The answer should hold only the lines from the one containing "On Saturday, June" through the one containing "Iti doresc ca" in the entries below, copied exactly, without pictures.

**RECORDS PROVIDED:**
▬▬▬▬▬▬▬▬▬▬

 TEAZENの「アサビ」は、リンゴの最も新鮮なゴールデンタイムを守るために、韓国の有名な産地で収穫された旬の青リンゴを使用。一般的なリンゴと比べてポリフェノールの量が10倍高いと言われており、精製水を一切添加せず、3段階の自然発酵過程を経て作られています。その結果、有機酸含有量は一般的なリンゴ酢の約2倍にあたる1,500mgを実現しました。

▬▬▬▬▬▬▬▬▬▬

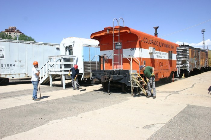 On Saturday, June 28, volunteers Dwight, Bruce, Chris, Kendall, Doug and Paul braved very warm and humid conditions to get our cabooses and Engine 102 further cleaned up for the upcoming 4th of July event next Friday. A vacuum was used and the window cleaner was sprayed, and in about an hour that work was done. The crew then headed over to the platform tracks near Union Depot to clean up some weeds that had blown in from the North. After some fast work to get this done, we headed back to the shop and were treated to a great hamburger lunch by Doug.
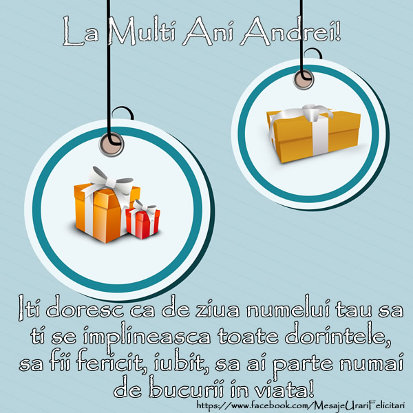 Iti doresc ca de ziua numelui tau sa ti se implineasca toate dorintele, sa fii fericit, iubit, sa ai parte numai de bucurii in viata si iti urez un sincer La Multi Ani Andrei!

▬▬▬▬▬▬▬▬▬▬

**SOLUTION TO THIS PROBLEM:**
 On Saturday, June 28, volunteers Dwight, Bruce, Chris, Kendall, Doug and Paul braved very warm and humid conditions to get our cabooses and Engine 102 further cleaned up for the upcoming 4th of July event next Friday. A vacuum was used and the window cleaner was sprayed, and in about an hour that work was done. The crew then headed over to the platform tracks near Union Depot to clean up some weeds that had blown in from the North. After some fast work to get this done, we headed back to the shop and were treated to a great hamburger lunch by Doug.
 Iti doresc ca de ziua numelui tau sa ti se implineasca toate dorintele, sa fii fericit, iubit, sa ai parte numai de bucurii in viata si iti urez un sincer La Multi Ani Andrei!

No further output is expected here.